The magnitude of the abnormal rains and flooding has prompted cash-strapped Pakistan to launch a global appeal to raise funds to meet the needs of the growing number of affected people.
The European Union has already announced a donation of 76 million rupees (approximately $350,000) to the country’s flood victims.
The calamity is being seen as bigger than the 2010 floods that inundated a fifth of Pakistan and killed over 2,000 people.
Prime Minister Shehbaz Sharif has appealed to the nation to assist flood victims, stating that the government needed hundreds of billions of rupees for relief and rehabilitation.
Another 15 people lost their lives on Wednesday in southern and southwestern Pakistan as a fresh rain system triggering massive flooding.
The majority of fatalities have been reported in Sindh, where at least 30 districts have been raked by the ongoing monsoon rains.
The massive downpours added to the miseries of hundreds of thousands of people who have had to leave their homes and move to higher grounds in several parts of the country.
Raging flash floods flowing down from the Sulieman mountain range inundated hundreds of villages in northeastern Punjab and eastern Balochistan, triggering fresh migrations.
Citing government officials, Geo News reported that at least 10,000 people migrated to safer places in Punjab’s Dera Ghazi Khan and Rajanpur districts due to the latest flooding.
Footage showed people wading through gushing rainwaters to reach safety in several parts of Balochistan’s eastern districts of Sibbi, Kohlu, Chaghi, Jaffarabad, and Naseerabad, and Sindh’s southern district of Badin, Thatta, Mirpur Khas, Sanghar, and Hyderabad.
Another footage showed desperate victims crying for help, shelter and food in several rain-hit areas.
Over the past two days, rescue teams from the Pakistan Army and several non-governmental organizations moved thousands of marooned people to shelter camps and safer places by boats.

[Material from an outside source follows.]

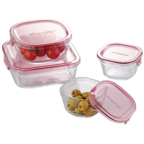 AGCテクノグラス iwaki 耐熱ガラス 保存容器 角型 4個セットパック&レンジ ピンク PS-PRN-4P1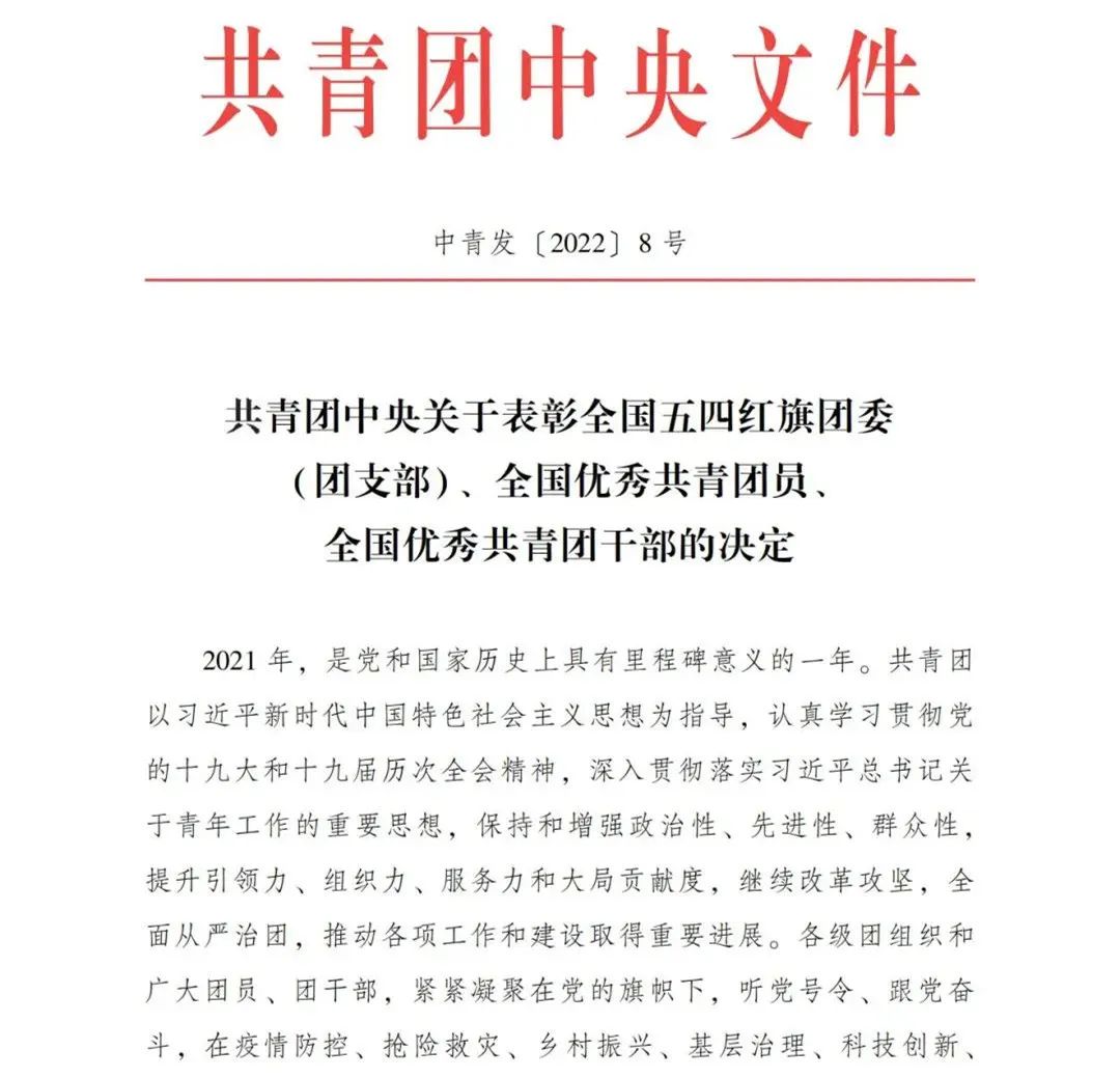 2022年是中國共青團成立100周年。近日,共青團中央發布《共青團中央關于表彰全國五四紅旗團委(團支部)、全國優秀共青團員、全國優秀共青團干部的決定》,大智集團團委榮獲“全國五四紅旗團委”稱號。

Crowds of people were seen running wildly to grab packets of food and water bottles dropped from the army and air force planes.
600% more rains than last year
Sindh has turned out to be the hardest hit by the latest spells, with hundreds of thousands affected by the fresh rain spells and flooding.

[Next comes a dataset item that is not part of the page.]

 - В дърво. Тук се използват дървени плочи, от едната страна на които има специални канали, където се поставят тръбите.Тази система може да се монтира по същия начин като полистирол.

“The entire province of Sindh is submerged. It looks like a river. It’s never been like this before,” Sindh Chief Minister Syed Murad Ali Shah said at a press conference in Sukkur on Wednesday.
He added that the province received 600% more rain in August than the previous year.
“We are running out of food, tents, and even firewood (to cook the food for victims). Several districts are without gas and electricity,” he said, adding that at least one million tents are immediately required for the victims who are lying under open skies.
He urged non-governmental organizations and philanthropists to join hands with the government, saying the “catastrophe is beyond imagination.”
He said that since June rains and flooding had killed over 300 people in Sindh alone.
In Balochistan, the latest flooding washed away several alternative roads and bridges, disconnecting many areas from the rest of the country.
Traffic between Quetta, Balochistan’s capital, and Karachi, the nation’s commercial capital, remained suspended for the eighth consecutive day.
Hundreds of farms and orchards have been submerged in Balochistan, which serves as the country’s “fruit basket.”
Since June 14, around 850 people have lost their lives and another 1,350 have been injured due to roof collapses, electrocution, drowning, and lightning across the country, according to the National Disaster Management Authority, a state-run agency that coordinates relief and rescue efforts.
The Meteorological Department of Pakistan has forecast massive rains for the next 48 hours.